Note that when your decoding loop reads a Base64Encoded substring from the %Stream then I am assuming you read a perfect multiple of 4 bytes from the %Stream before you execute SET BinaryText=$system.Encryption.Base64Decode(Base64Encoded). [[ If the Base64 encoded %Stream was not generated using the code described above then I am also assuming the Base64 encoded BinaryText does not contain any additional white-space characters, or if it does contain white space then those white-space characters were removed before building a substring that contains a perfect multiple of 4 bytes. ]] Each sequence of 4 bytes in Base64Encoded will be turned into 3 bytes in BinaryText.

go to post

Steven Hobbs · Feb 10, 2020

Extension of the %Set and %Get methods of the %DynamicAbstractObject classes to support type parameters (such as using "stream" as a type) is an IRIS feature and not a Caché feature. In Caché the %ToJSON and %FromJSON methods can accept %File-s and %Stream-s. These methods are generally limited to Dynamic Objects/Arrays involving sizes related to the largest 32-bit signed integer. But in Caché the %ToJSON/%FromJSON methods work only on entire Dynamic Objects/Arrays. Using %Set/%Get in Caché to modify an element of a Dynamic Object/Array is limited by the length of an ObjectScript %String (currently 3,641,144 characters in Caché.)

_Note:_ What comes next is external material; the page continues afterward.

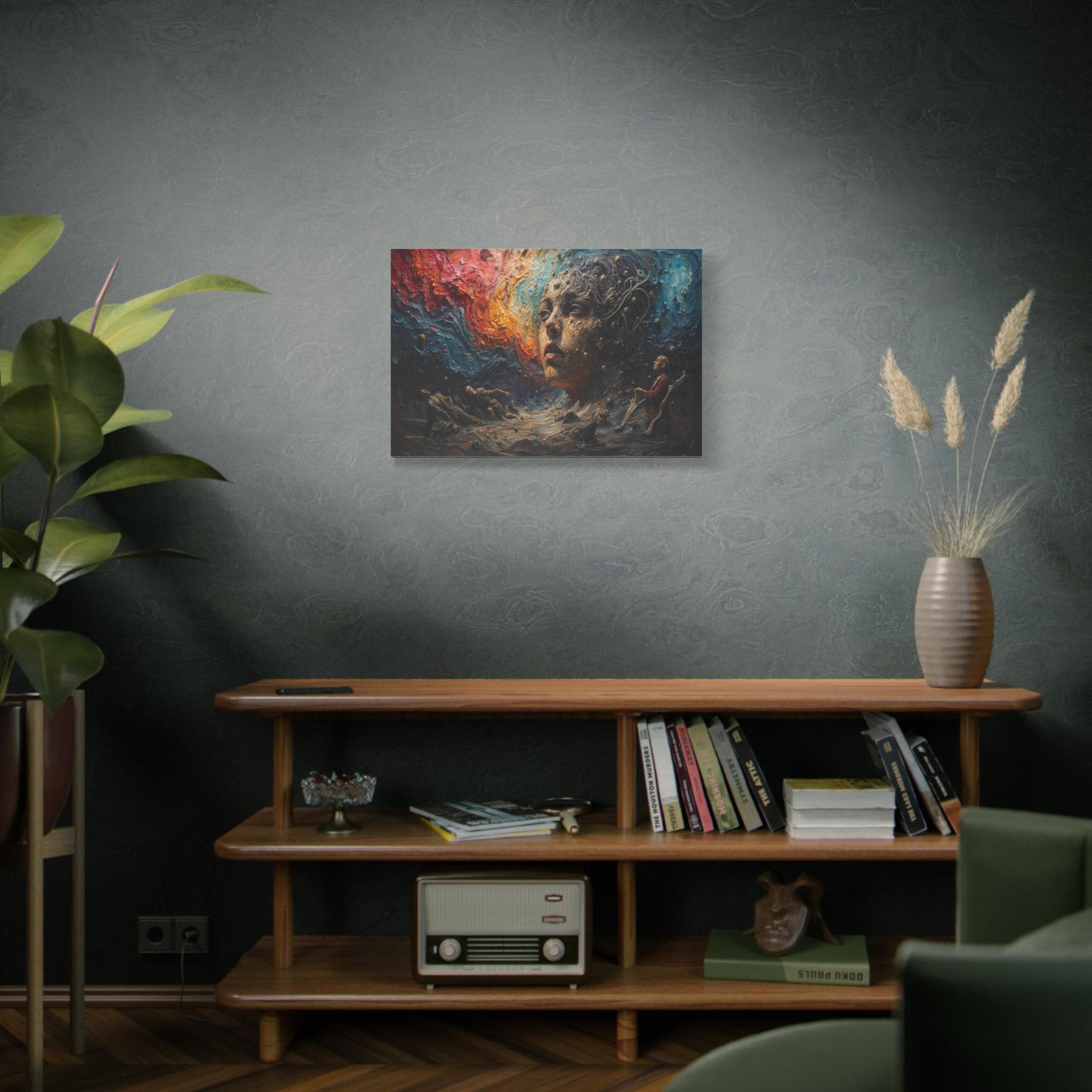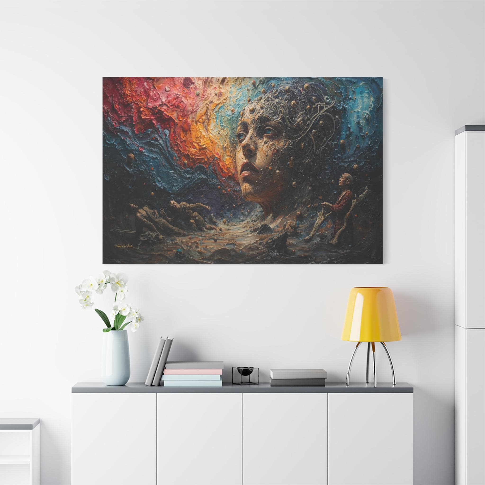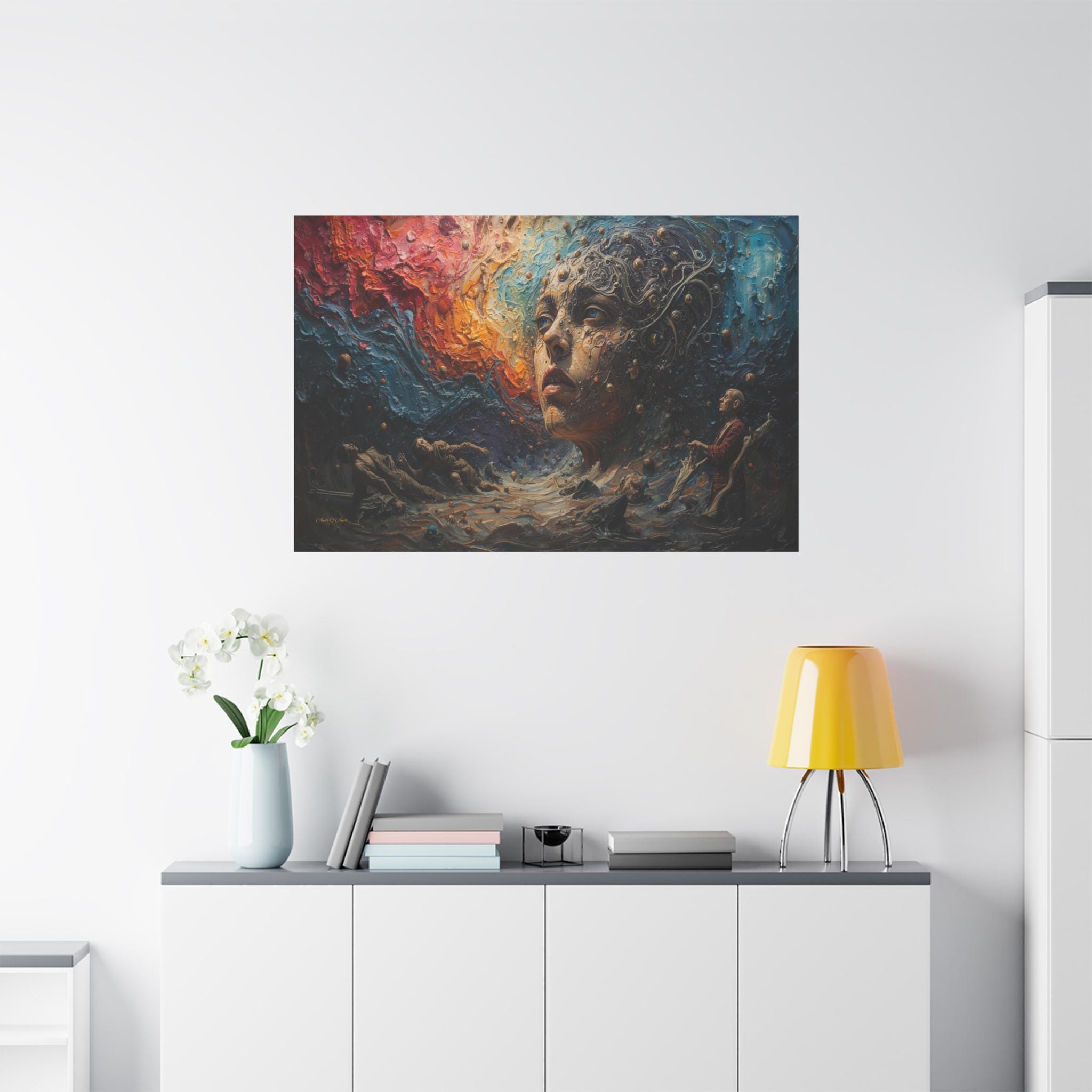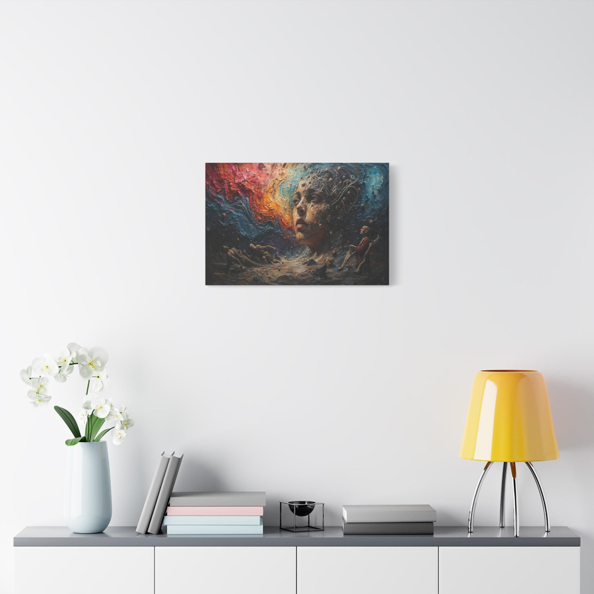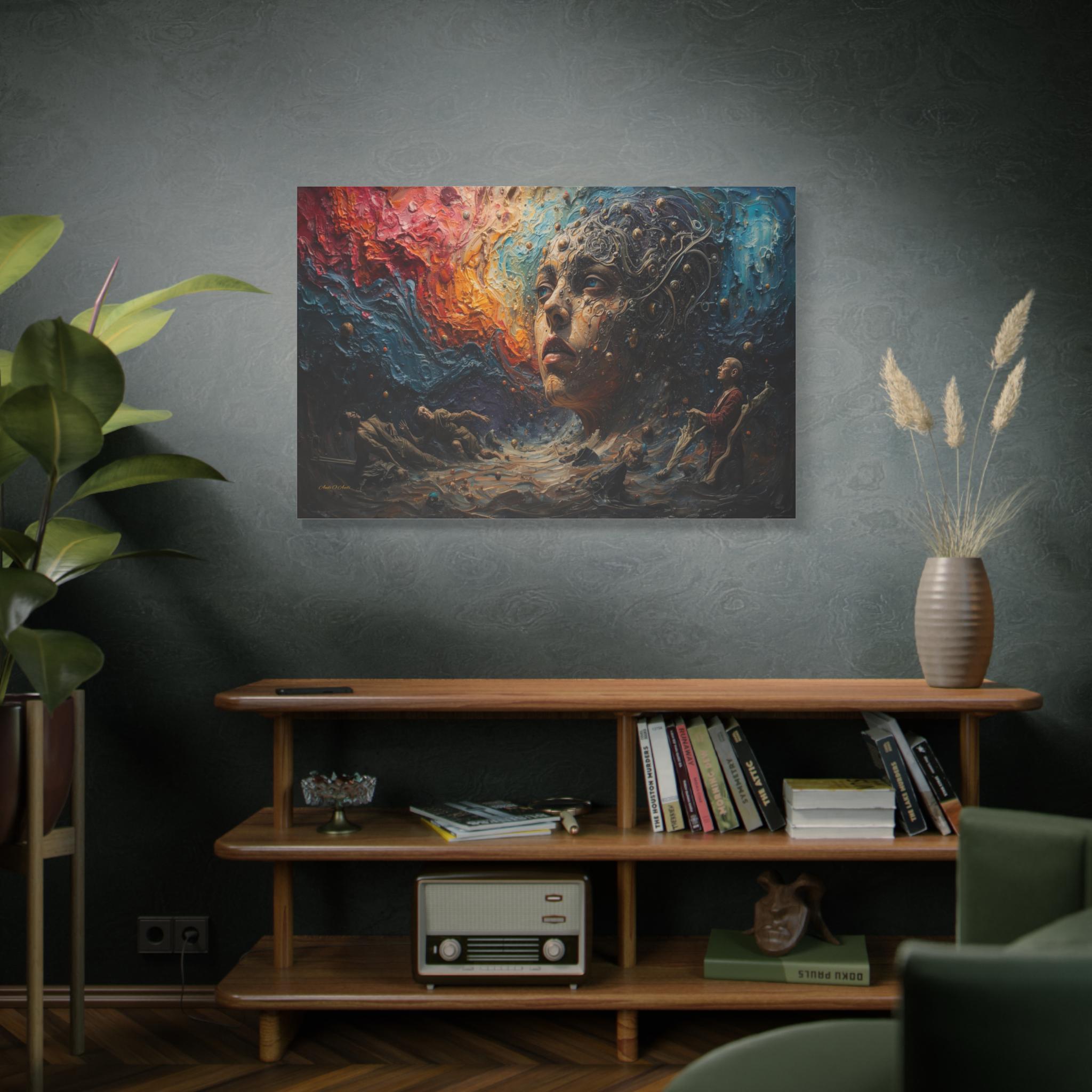 Step into a world beyond logic with "Cosmic Consciousness." This mesmerizing canvas print depicts a surreal dreamscape where the boundaries between humanity and the universe dissolve. Featuring a striking face emerging from swirling galaxies and thick, textured waves of color, this piece is a true masterpiece of imagination.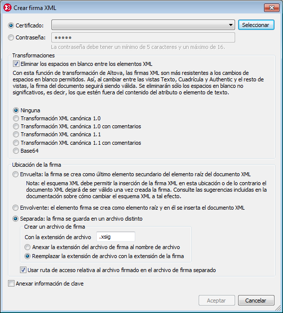 La opción Anexar información de clave está disponible si la firma está basada en un certificado. Si la firma está basada en una contraseña, esta opción se deshabilita.

In recent and future IRIS releases the sizes of a %DynamicAbstractObject will be limited by the amount of virtual memory available to the process. (Please consider avoiding the activation of many multi-gigabyte Dynamic objects/arrays at the same time.) The future IRIS versions of the %Get/%Set methods will support type keywords involving streams which will allow a %Get/%Set to access Dynamic Object/Array elements involving any size that can be fetched from (or stored into) a %Stream. Future versions of these methods will also encode and decode Base64 representation while transferring byte data between a %Stream and an element of a Dynamic Object/Array.

go to post

Steven Hobbs · Apr 30, 2019

For Set MyObj.JSON=JSONString.%ToJSON() to signal <INVALID OREF> then either local variable MyObj is not an oref or local variable JSONString is not an oref. Make sure that JSONString is really a %DynamicObject by doing a WRITE JSONString before doing the Set command. The WRITE statement should write some like 99@%Library.DynamicObject .

go to post

Steven Hobbs · Apr 27, 2019

I agree that comments here will have little effect on developers other than InterSystems developers or InterSystems customers. However, processing of JSON is controlled by the European standard "ECMA-404 The JSON Data Interchange Format". If a JSON decoder deliberately ignores this standard specification then it is not a *JSON* decoder. If any customer discovers that InterSystems's %FromJSON method is violating the ECMA-404 standard then I am sure InterSystems will fix this situation. I suspect that third-party developers would also fix such a violation of ECMA-404. The ECMA-404 document actually contains examples of 4 different strings that are identical to "/". ECMA-404 does not require that JSON encoders generate the "\/" string syntax but this standard does require that all decoders accept this string syntax.

go to post

Steven Hobbs · Apr 25, 2019

There are some issues with above C code for manipulating a string of $LIST elements.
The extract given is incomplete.